→ SOURCE RECORDS
⟨

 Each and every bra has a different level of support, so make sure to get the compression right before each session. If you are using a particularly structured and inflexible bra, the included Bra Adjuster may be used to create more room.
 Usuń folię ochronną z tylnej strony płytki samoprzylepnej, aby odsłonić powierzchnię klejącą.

⟩
⟨

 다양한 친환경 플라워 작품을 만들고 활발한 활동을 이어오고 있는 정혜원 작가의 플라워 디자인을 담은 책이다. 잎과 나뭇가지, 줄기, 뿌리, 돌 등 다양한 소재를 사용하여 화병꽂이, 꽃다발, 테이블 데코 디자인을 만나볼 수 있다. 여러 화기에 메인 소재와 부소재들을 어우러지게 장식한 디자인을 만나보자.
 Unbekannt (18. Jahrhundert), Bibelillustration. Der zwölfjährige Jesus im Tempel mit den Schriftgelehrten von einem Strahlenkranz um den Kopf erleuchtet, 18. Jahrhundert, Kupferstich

⟩

→ TASK ITEM
Please give back exactly the lines of the listing above that run from the one containing "다양한 친환경 플라워" through the one containing "Unbekannt (18. Jahrhundert), Bibelillustration.", and only those.

→ EXERCISE RESULT
 다양한 친환경 플라워 작품을 만들고 활발한 활동을 이어오고 있는 정혜원 작가의 플라워 디자인을 담은 책이다. 잎과 나뭇가지, 줄기, 뿌리, 돌 등 다양한 소재를 사용하여 화병꽂이, 꽃다발, 테이블 데코 디자인을 만나볼 수 있다. 여러 화기에 메인 소재와 부소재들을 어우러지게 장식한 디자인을 만나보자.
 Unbekannt (18. Jahrhundert), Bibelillustration. Der zwölfjährige Jesus im Tempel mit den Schriftgelehrten von einem Strahlenkranz um den Kopf erleuchtet, 18. Jahrhundert, Kupferstich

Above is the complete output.